Start of Stored data
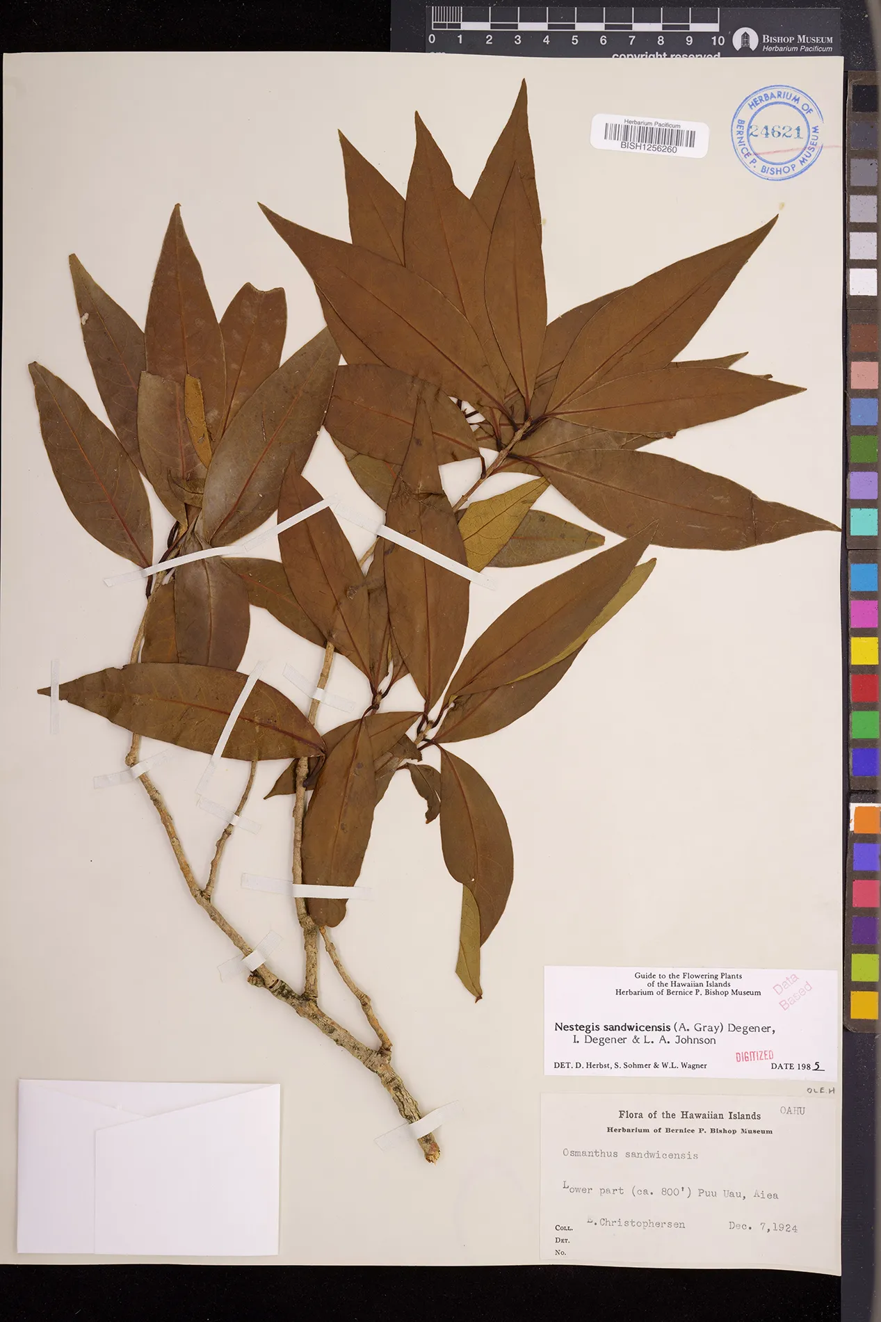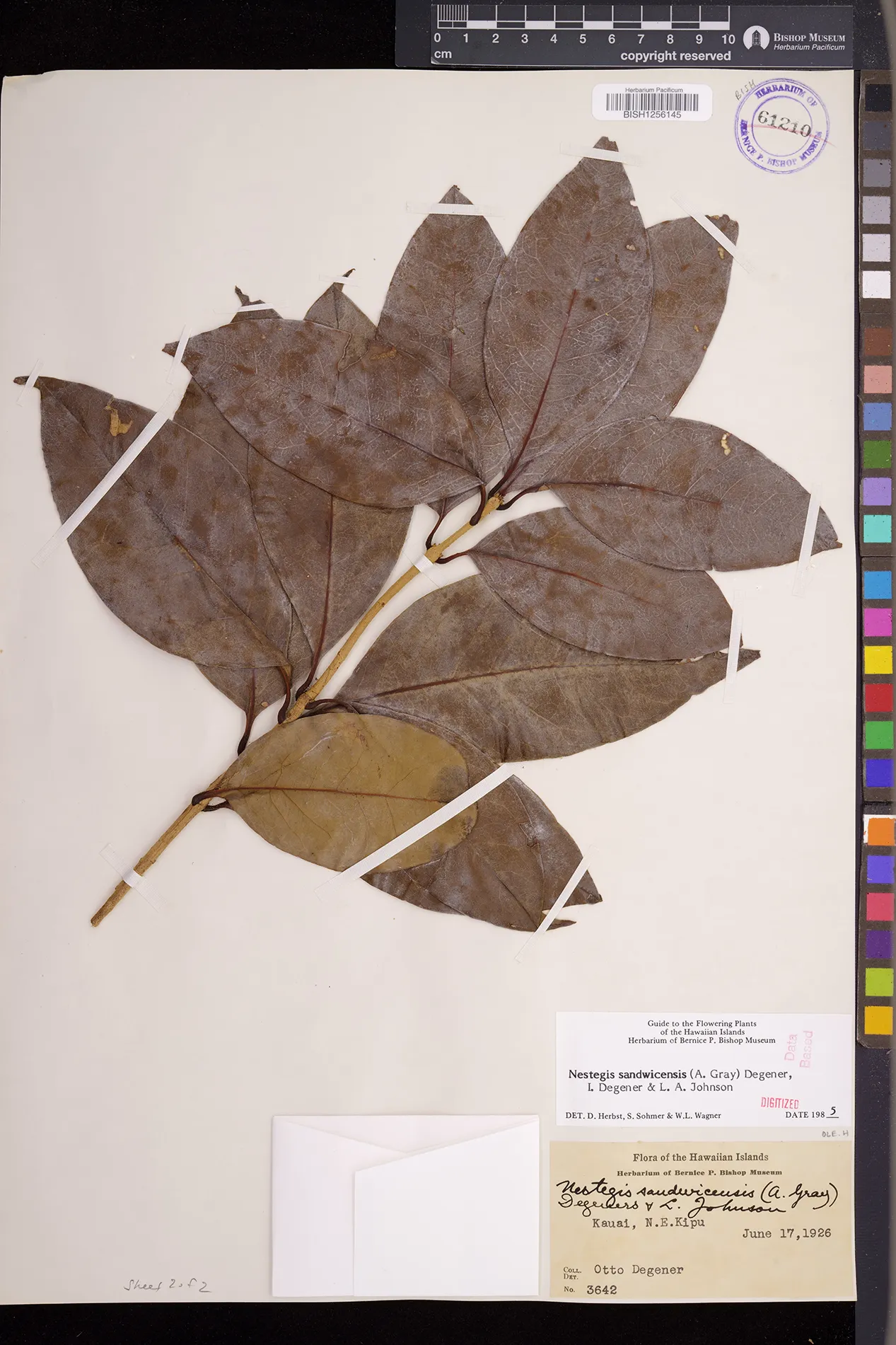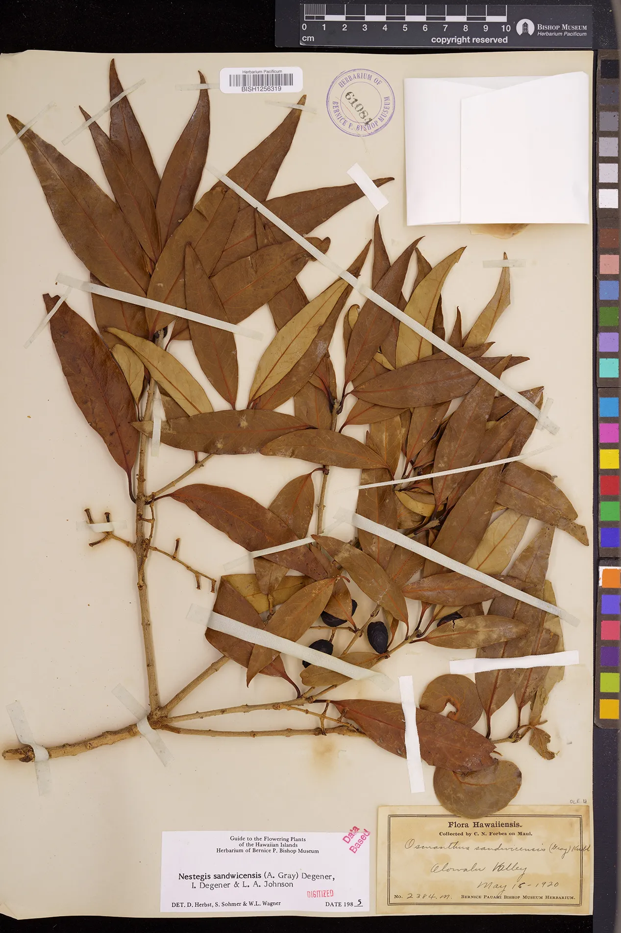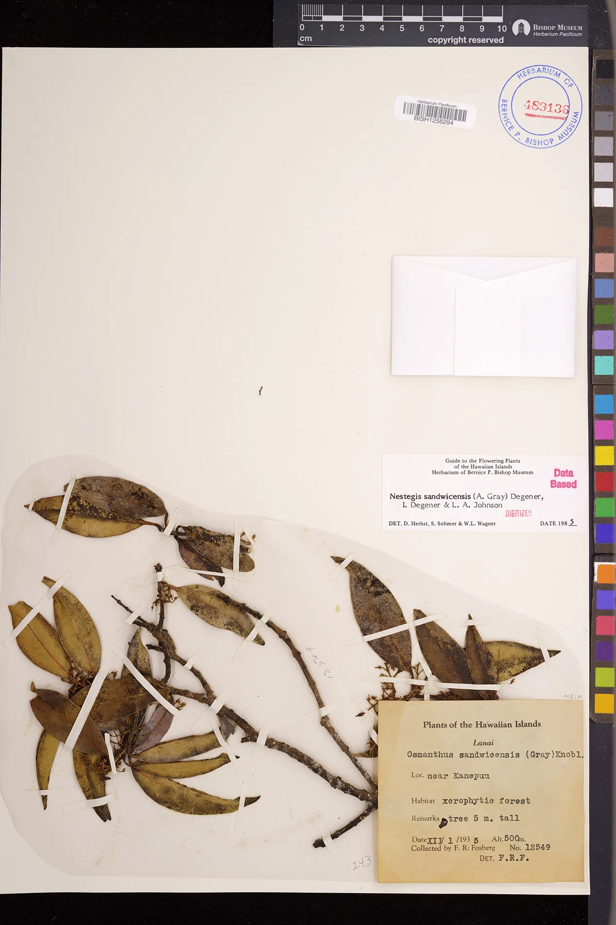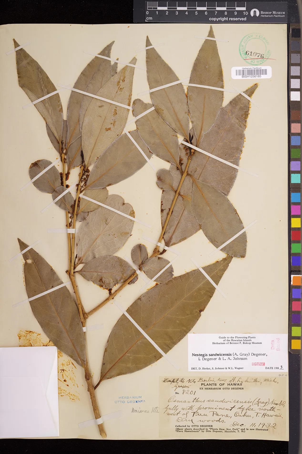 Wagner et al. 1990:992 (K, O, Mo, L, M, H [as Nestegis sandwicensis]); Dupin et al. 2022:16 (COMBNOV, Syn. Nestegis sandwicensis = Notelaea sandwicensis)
End of Stored data
Start of Stored data
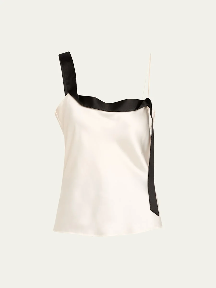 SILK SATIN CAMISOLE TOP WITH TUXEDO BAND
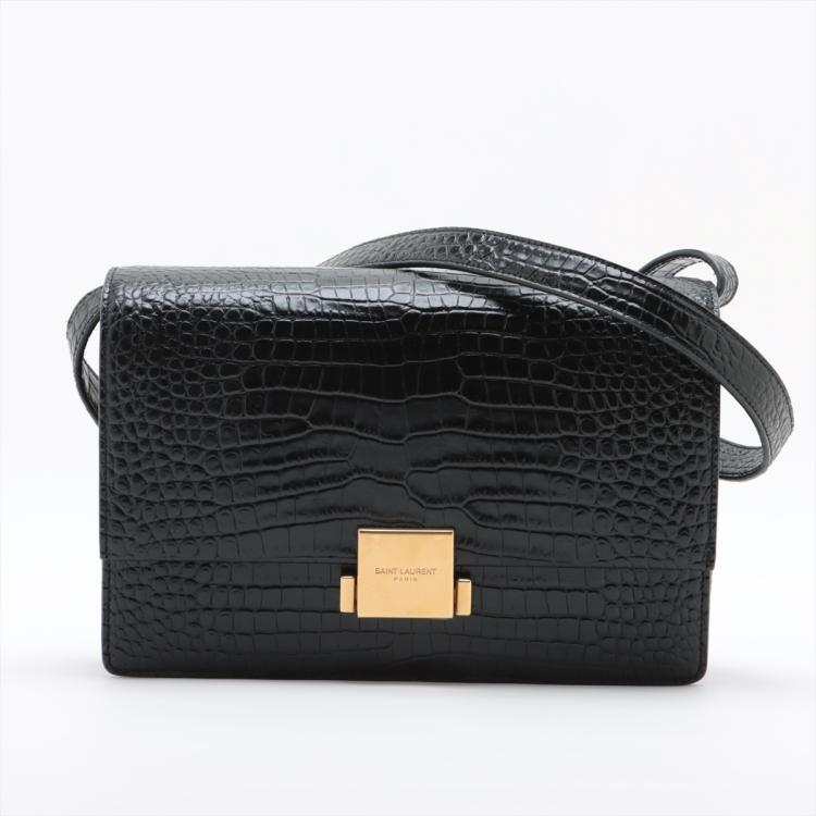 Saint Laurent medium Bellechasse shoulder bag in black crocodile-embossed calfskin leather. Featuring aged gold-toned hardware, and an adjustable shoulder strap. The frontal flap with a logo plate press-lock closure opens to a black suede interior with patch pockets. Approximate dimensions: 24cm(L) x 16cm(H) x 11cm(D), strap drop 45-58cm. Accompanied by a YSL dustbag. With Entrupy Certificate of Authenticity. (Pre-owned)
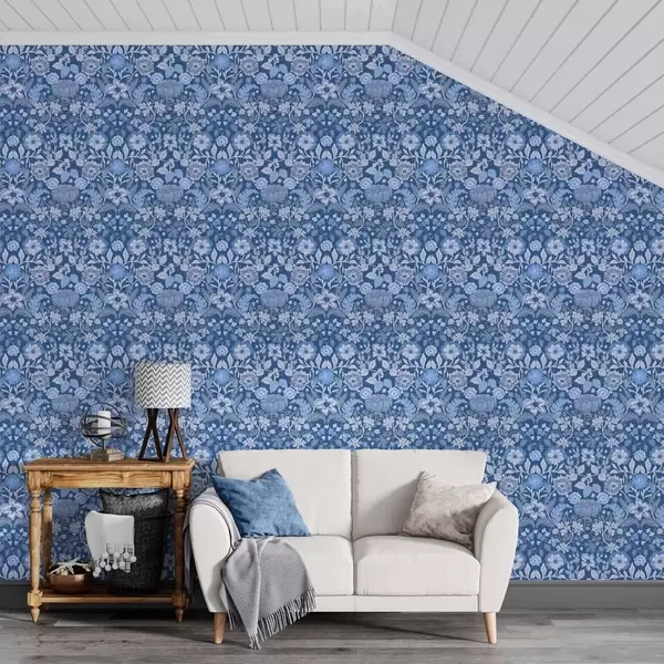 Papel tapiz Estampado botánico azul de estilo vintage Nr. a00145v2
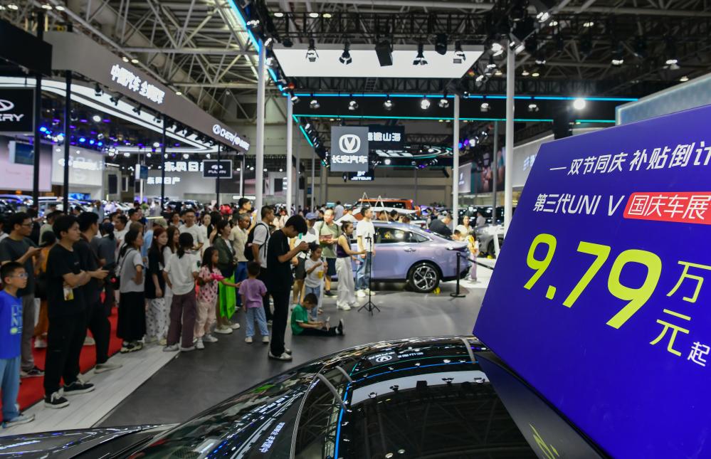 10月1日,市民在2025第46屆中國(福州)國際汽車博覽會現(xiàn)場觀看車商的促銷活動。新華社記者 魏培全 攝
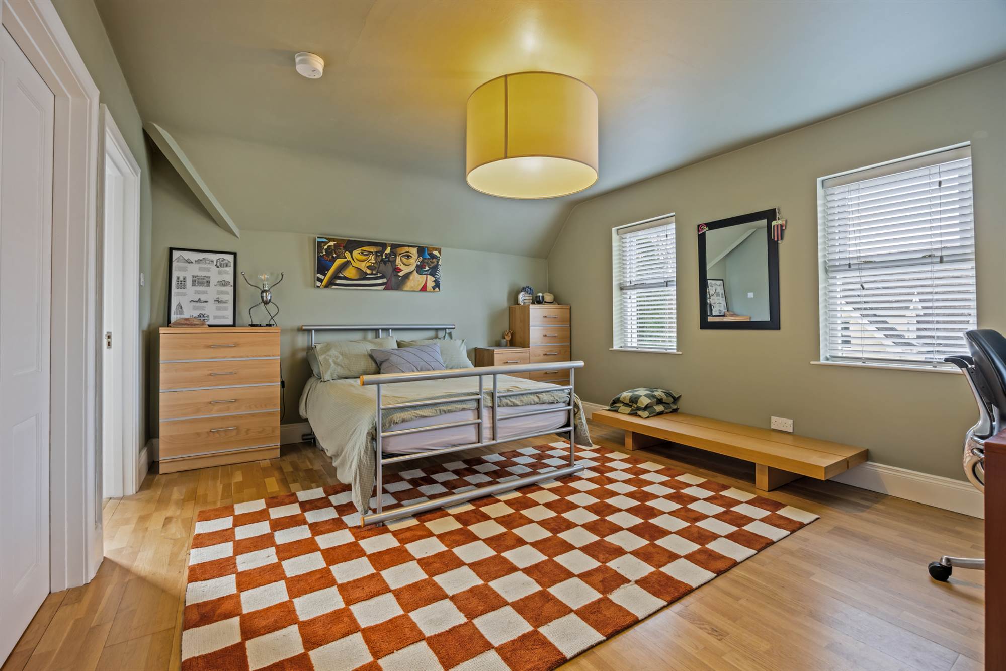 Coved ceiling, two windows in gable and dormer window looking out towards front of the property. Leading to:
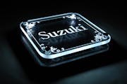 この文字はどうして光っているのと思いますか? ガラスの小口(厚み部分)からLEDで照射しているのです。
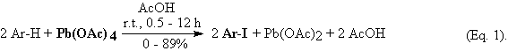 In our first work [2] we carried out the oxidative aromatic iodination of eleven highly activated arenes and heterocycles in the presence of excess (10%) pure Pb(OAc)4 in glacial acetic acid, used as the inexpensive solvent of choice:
End of Stored data
Start of Stored data
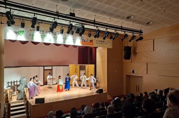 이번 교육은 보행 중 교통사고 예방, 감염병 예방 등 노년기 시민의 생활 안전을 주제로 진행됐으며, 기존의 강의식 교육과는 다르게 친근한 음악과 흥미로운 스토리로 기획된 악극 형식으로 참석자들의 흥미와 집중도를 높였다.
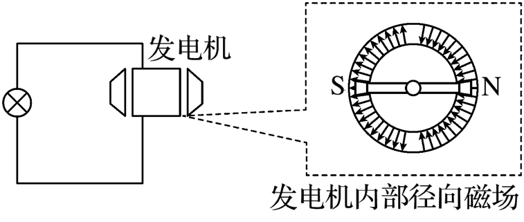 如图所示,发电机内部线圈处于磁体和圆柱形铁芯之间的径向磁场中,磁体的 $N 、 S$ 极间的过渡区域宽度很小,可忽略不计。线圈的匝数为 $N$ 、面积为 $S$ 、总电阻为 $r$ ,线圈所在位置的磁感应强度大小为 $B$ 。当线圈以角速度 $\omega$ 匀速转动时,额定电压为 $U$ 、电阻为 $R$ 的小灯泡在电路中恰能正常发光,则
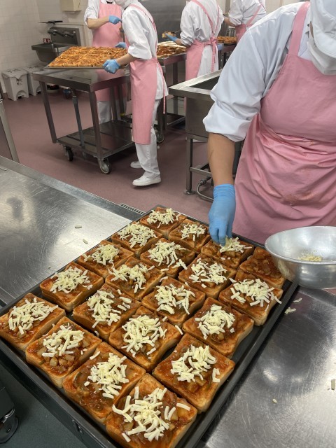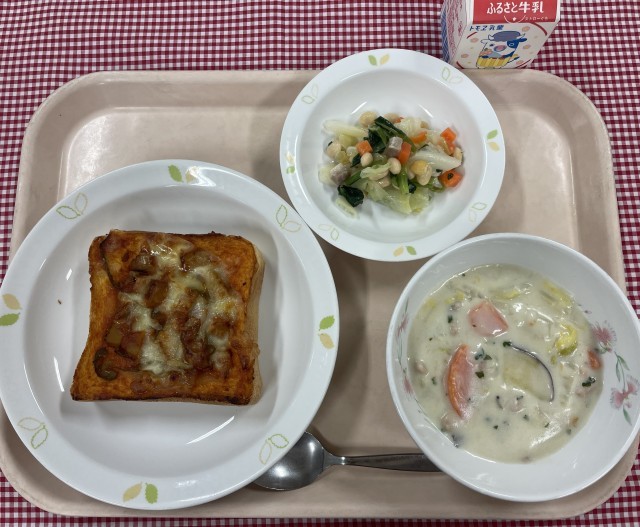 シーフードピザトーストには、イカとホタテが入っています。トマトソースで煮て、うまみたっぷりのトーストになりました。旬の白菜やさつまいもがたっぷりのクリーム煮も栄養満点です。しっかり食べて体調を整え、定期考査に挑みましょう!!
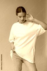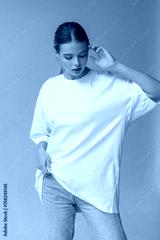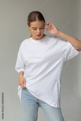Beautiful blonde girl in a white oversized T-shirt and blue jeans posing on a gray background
End of Stored data
> _Work task_
Only the lines starting at the one with "シーフードピザトーストには、" and ending at the one with "Beautiful blonde girl" should be printed, each exactly as it appears in the material above; the pictures are to be omitted.

> _Solution for this exercise_
 シーフードピザトーストには、イカとホタテが入っています。トマトソースで煮て、うまみたっぷりのトーストになりました。旬の白菜やさつまいもがたっぷりのクリーム煮も栄養満点です。しっかり食べて体調を整え、定期考査に挑みましょう!!
Beautiful blonde girl in a white oversized T-shirt and blue jeans posing on a gray background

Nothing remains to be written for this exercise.